Forward-looking indicators in the survey suggest the sector won’t rebound any time soon and will likely embolden policymakers at the European Central Bank, who last week all but promised to ease policy further as the bloc’s growth outlook deteriorates.

IHS Markit’s July final manufacturing Purchasing Managers’ Index (PMI) was 46.5, just above an earlier flash reading of 46.4 but below June’s 47.6 and chalking up its sixth straight month below the 50 level that separates growth from contraction.

July’s headline index was at its lowest since December 2012 and a measure of output, which feeds into a composite PMI due on Monday and is seen as a good gauge of economic health, dropped to a more than six-year low of 46.9 from 48.5.

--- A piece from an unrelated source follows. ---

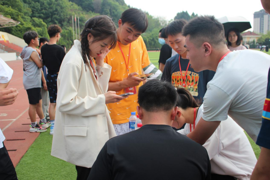 当然同样需要技巧的也有800m、1000m的长跑项目和铅球,赛场上的选手蓄势待发。场外的应援也绝不落后,同学们各显神通,用不同的方式给我们的选手加油打气。同时,学工中心林海主任也来到比赛现场,陪同选手们比赛,给他们加油鼓劲。

“The euro zone PMI dashboard is a sea of red, with all lights warning on the deteriorating health of the region’s manufacturers,” said Chris Williamson, chief business economist at IHS Markit.

“Rising geopolitical concerns, including trade wars and Brexit, and worries about slower economic growth both domestically and internationally were all widely reported as having subdued current demand and hit confidence in the outlook.”

A future output index, which measures optimism, plummeted to 52.6 from 56.6, its lowest reading since the end of 2012.

New orders fell for a tenth month and factories reduced headcount for a third month as they completed backlogs of work at the sharpest rate in seven years.